Work required:
Would you repeat the whole listing exactly, pictures excluded?
*** Dataset section ***
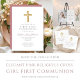 Religious Cross Pink GIrl First Communion RSVP Card.
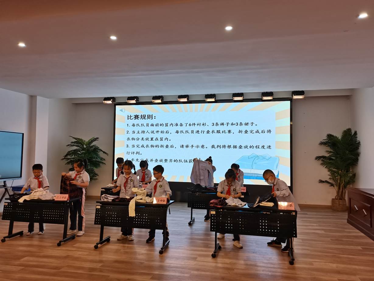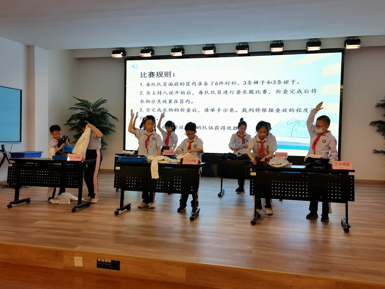 本周是上海市“学生劳动教育宣传周”,伴随着欢快的音乐和成长足迹的展示, 5月11日的三年级十岁生日主题队会上,队员们更是大展身手,你们瞧,这个中队的劳动小达人衣服叠放地又快又整齐。
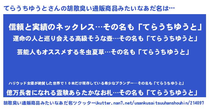| 意味不明あだ名 | 『自称てらうちゆうと』 |
*** End of Dataset section ***
Solution to this exercise:
 Religious Cross Pink GIrl First Communion RSVP Card.
 本周是上海市“学生劳动教育宣传周”,伴随着欢快的音乐和成长足迹的展示, 5月11日的三年级十岁生日主题队会上,队员们更是大展身手,你们瞧,这个中队的劳动小达人衣服叠放地又快又整齐。
| 意味不明あだ名 | 『自称てらうちゆうと』 |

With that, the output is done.